The goal in cognitive diagnosis, as the name suggests, is to “diagnose” which skills examinees have or do not have. This approach potentially offers more useful feedback to examinees than a simple overall score derived from classical test theory or item response theory, and so cognitive diagnosis models (CDMs) have become popular in recent years (for reviews, see DiBello, Roussos, & Stout, 2007; Fu & Li, 2007; Rupp & Templin, 2008b). A useful CDM that has been widely studied is the DINA (deterministic input noisy and) model (Haertel, 1989; Junker & Sijtsma, 2001; Macready & Dayton, 1977).

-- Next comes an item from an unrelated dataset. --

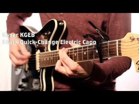 The Kyser Electric Guitar capo contours to the lower action on six-string electric guitar necks, with a slightly smaller body, less radius, and less spring tension than the original Kyser Quick-Change design.

The use of a CDM requires the specification of a Q-matrix (K. K. Tatsuoka, 1990); the Q-matrix indicates the set of skills that are required to answer a particular item correctly. The Q-matrix is usually determined by expert judgment, and so there can be uncertainty about some of its elements. Here, it is noted that this uncertainty can be recognized by using a Bayesian approach, with some elements of the Q-matrix specified as being random rather than as fixed. Posterior distributions can then be used to obtain information about the inclusion or exclusion of these elements, as shown in the following. The Bayesian approach allows one to explore possible modifications of the Q-matrix, ideally as suggested by expert judgment or by substantive considerations. It is shown that the approach is simple to implement, particularly with a reparameterized version of the DINA model. Simulations that explore benefits and limitations of the approach are presented, and the widely analyzed fraction-subtraction data of K. K. Tatsuoka (1990) are examined.
Uncertainty in the Q-Matrix
Most researchers who have worked with CDMs have recognized that there is often uncertainty with respect to at least some elements of the Q-matrix. For example, virtually every researcher who has analyzed the fraction-subtraction data has suggested possible modifications of the Q-matrix (e.g., DeCarlo, 2011; de la Torre, 2009; de la Torre & Douglas, 2008; Henson, Templin, & Willse, 2009; C. Tatsuoka, 2002; K. K. Tatsuoka, 1990), and so there is clearly uncertainty as to the correct specification of some elements. There are several approaches to this problem. One is to consider a set of alternative Q-matrices and to fit the models associated with these matrices; indices of relative fit, such as the Bayesian information criterion (BIC) or Akaike information criterion (AIC), can then be used to help determine the appropriate Q-matrix. This approach has been used by a number of researchers (e.g., Barnes, Bitzer, & Vouk, 2005; Cen, Koedinger, & Junker, 2005; DeCarlo, 2011; de la Torre & Douglas, 2008; Rupp & Templin, 2008a). A limitation of this approach, however, is that the number of possible Q-matrices grows quickly as the number of uncertain elements increases. For example, the following simulation examines a situation where there is uncertainty about 12 elements of the Q-matrix (out of 60 elements), which gives 212 = 4,096 possible Q-matrices, and so a large number of models would need to be fitted and compared.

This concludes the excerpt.